_RECORDS_
Content starts

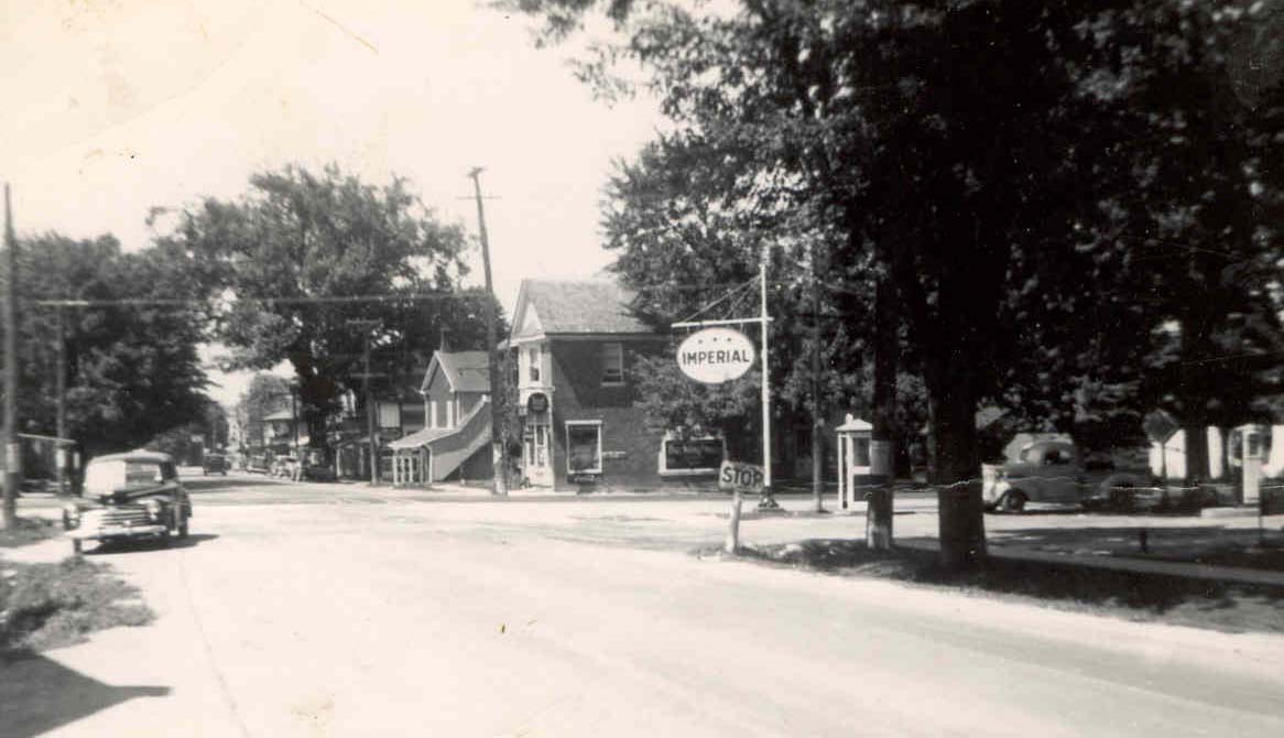 Photo of the intersection of Highway 27 (King St.) and Highway 89 (Queen St.) looking West in Cookstown, taken in January 1964.
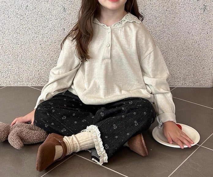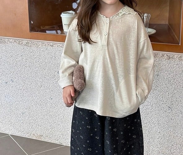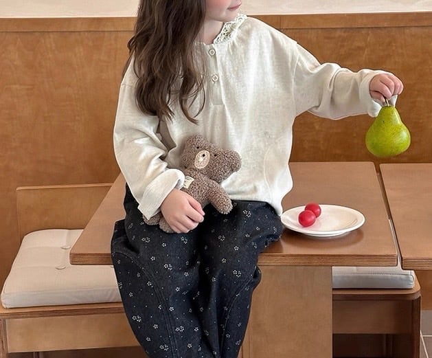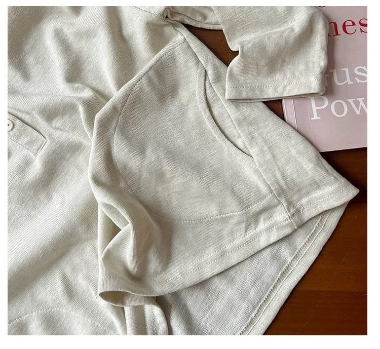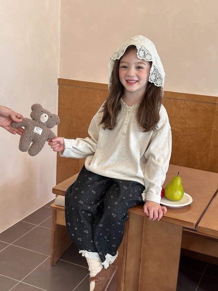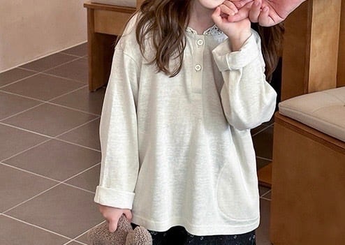 ゆったりとしたシルエットでリラックス感があり、カジュアルな長袖Tシャツに上品な甘さをプラスしています。首元には3つのボタンがあしらわれたヘンリーネックデザインで、お顔周りをすっきりと見せてくれます。
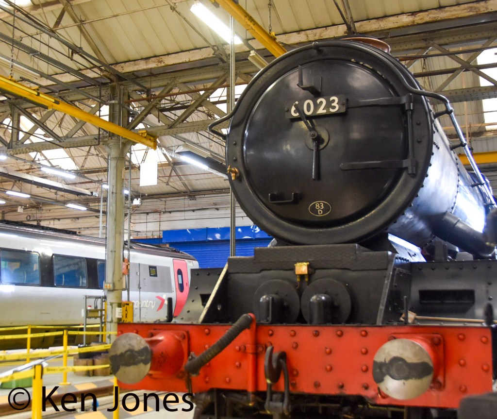 On return to Didcot, it was found that a number of copper firebox and boiler stays had broken, resulting in the need for a large amount of remedial work to the boiler. On 6 September 2012 the locomotive was moved to Loughborough on the Great Central Railway for firebox repairs, which were completed during early 2013. The locomotive then made a series of appearances on the Great Central Railway, for both testing and running-in purposes, but has since returned to Didcot where it is now being prepared to operate on the main line. In 2014, the GWS was given derogation by network rail to use a portable GSMR radio unit on 6023, saving money and enabling the unit to be used on the GWS’s locomotives yet to work on the mainline such as 2999 and 4079.
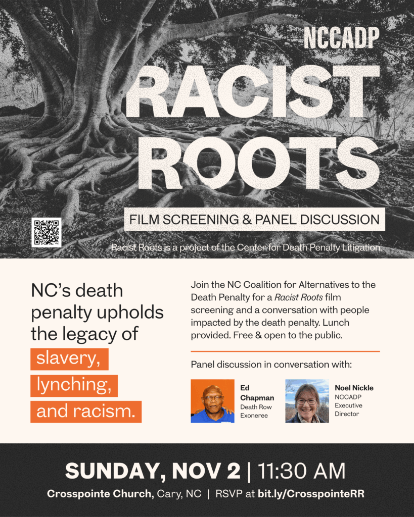You are warmly invited to join NCCADP for a screening of Racist Roots, a 25-minute film that uncovers the deep entanglement between white supremacy, racial terror lynching, and North Carolina’s death […]
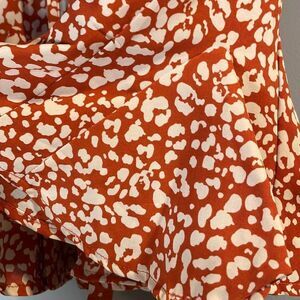 This is such a cute and Slowey mini skirt. The waistband is a wider waist span with elastic and a drawstring. This skirt is also lined. The print is a very modern take on a cheetah print/leopard print. It is in rust orange background with a cream print.
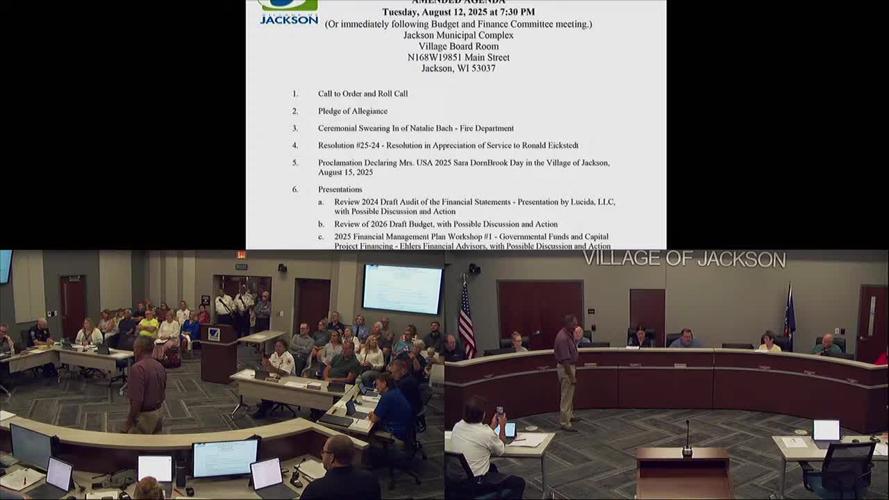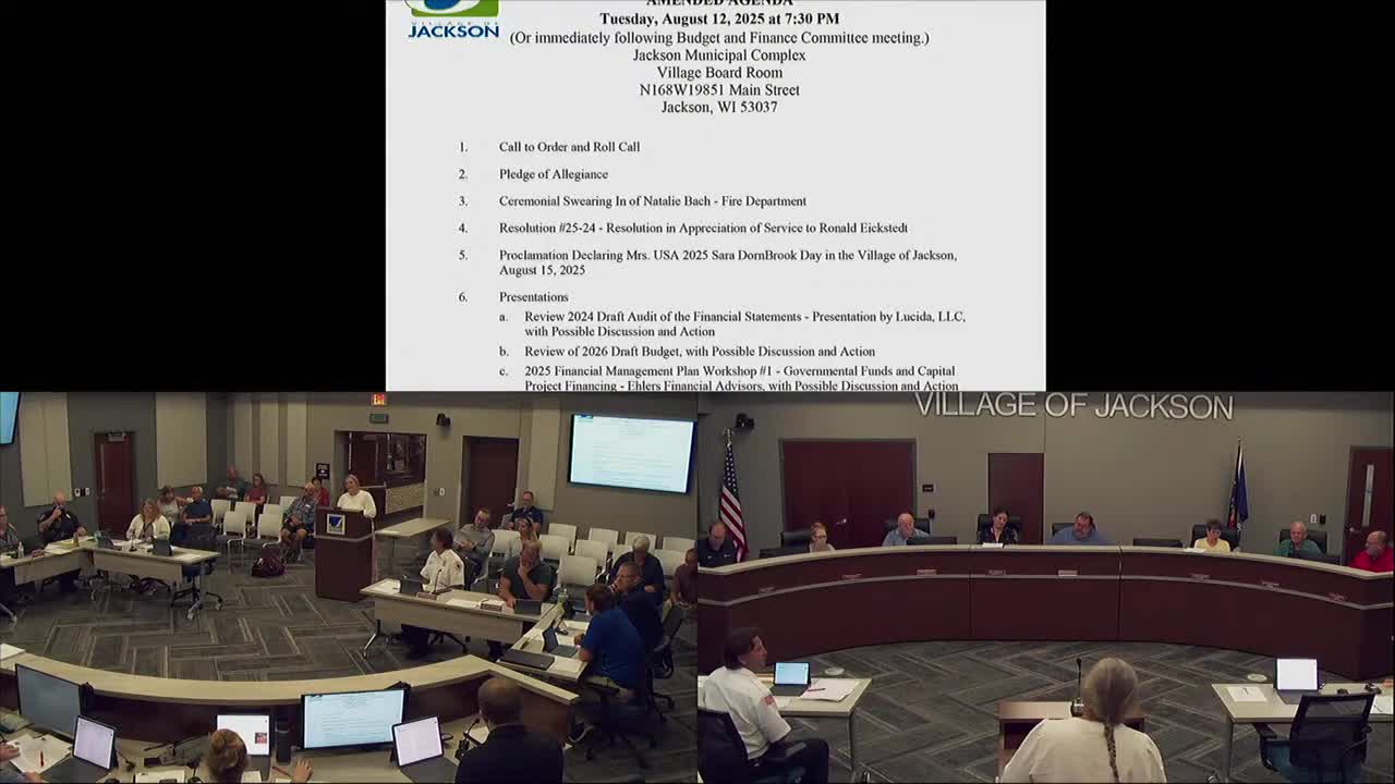 Village of Jackson reviews 2026 draft budget and 10-year financial plan; board asks staff to target about 3% tax-bill impact

Content ends

_THE TASK_
Restate, word for word, each line from the line containing "You are warmly" through the end of the entries above; the pictures are not part of the copy.

_FINISHED TASK_
You are warmly invited to join NCCADP for a screening of Racist Roots, a 25-minute film that uncovers the deep entanglement between white supremacy, racial terror lynching, and North Carolina’s death […]
 This is such a cute and Slowey mini skirt. The waistband is a wider waist span with elastic and a drawstring. This skirt is also lined. The print is a very modern take on a cheetah print/leopard print. It is in rust orange background with a cream print.
 Village of Jackson reviews 2026 draft budget and 10-year financial plan; board asks staff to target about 3% tax-bill impact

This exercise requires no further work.